K-nearest neighbours
- instance-based learning and non-generalising learning
- does not attempt to construct a model
- simply stores instances of the training data
- Classification is computed from a simple majority vote of the nearest neighbours of each point.
- Two different implementations:
- KNeighborsClassifier
- RadiusNeighborsClassifier
KNeighborsClassifier vs RadiusNeighborsClassifier
KNeighborsClassifier - Implementation
from sklearn.neighbors import KNeighborsClassifier
kneighbor_classifier = KNeighborsClassifier()
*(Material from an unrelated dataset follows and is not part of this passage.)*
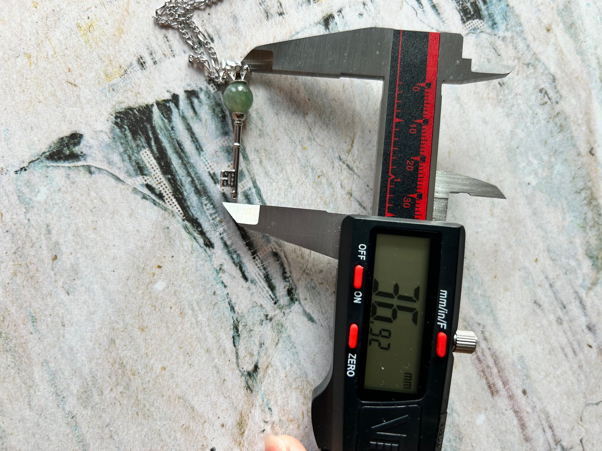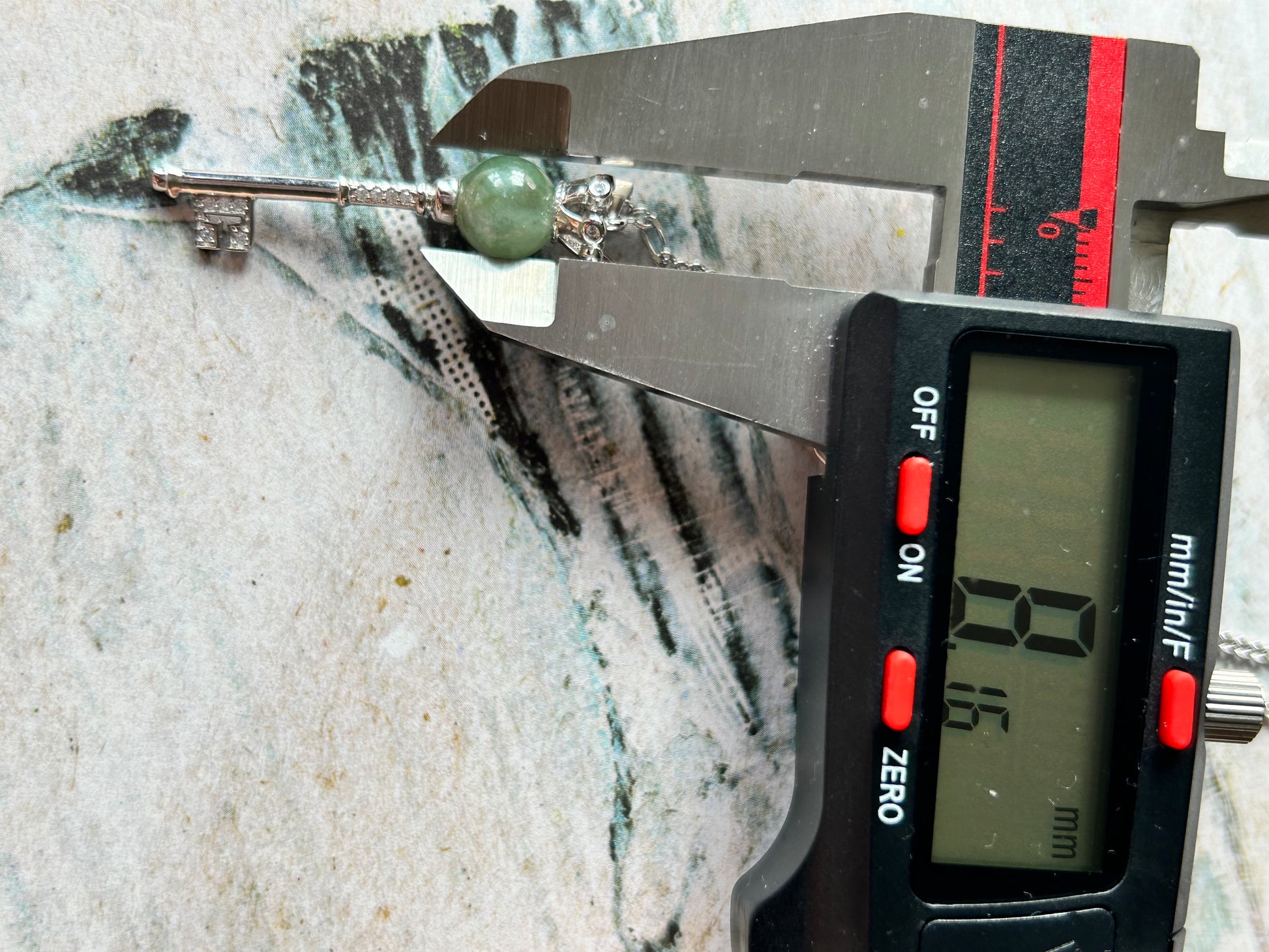 Stunning key shaped pendant. This is a wonderful addition to anyone’s jewelry collection. It has a lot of character. the red tone and the fine texture of the jadeite would let shine through.

kneighbor_classifier.fit(X_train, y_train)
Hyperparameters
- n_neighbors (default = 5)
- Specify the number of nearest neighbors K
- value should be int
- weights
- uniform (default)
- distance
- weigh points by the inverse of their distance
- closer neighbors of a query point will have a greater influence than neighbors which are further away
- own weight values
- parameter also accepts a user-defined function which takes an array of distances as input, and returns an array of the same shape containing the weights.
- algorithm
- ball_tree
- kd_tree
- brute
- auto (default)
For 'ball_tree' and 'kd_tree' algorithms, there are some other parameters to be set.
- leaf_size (default = 30)
- can affect the speed of the construction and query, as well as the memory required to
store the tree
- metric
- Distance metric to use for the tree
- It is either string or callable function
- “euclidean”, “manhattan”, “chebyshev”, “minkowski” (default), “wminkowski”,
“seuclidean”, “mahalanobis”
- p (default = 2)
- Power parameter for the Minkowski metric
RadiusNeighborsClassifier - Implementation
- The number of neighbors is specified within a fixed radius r of each training point using radius parameter.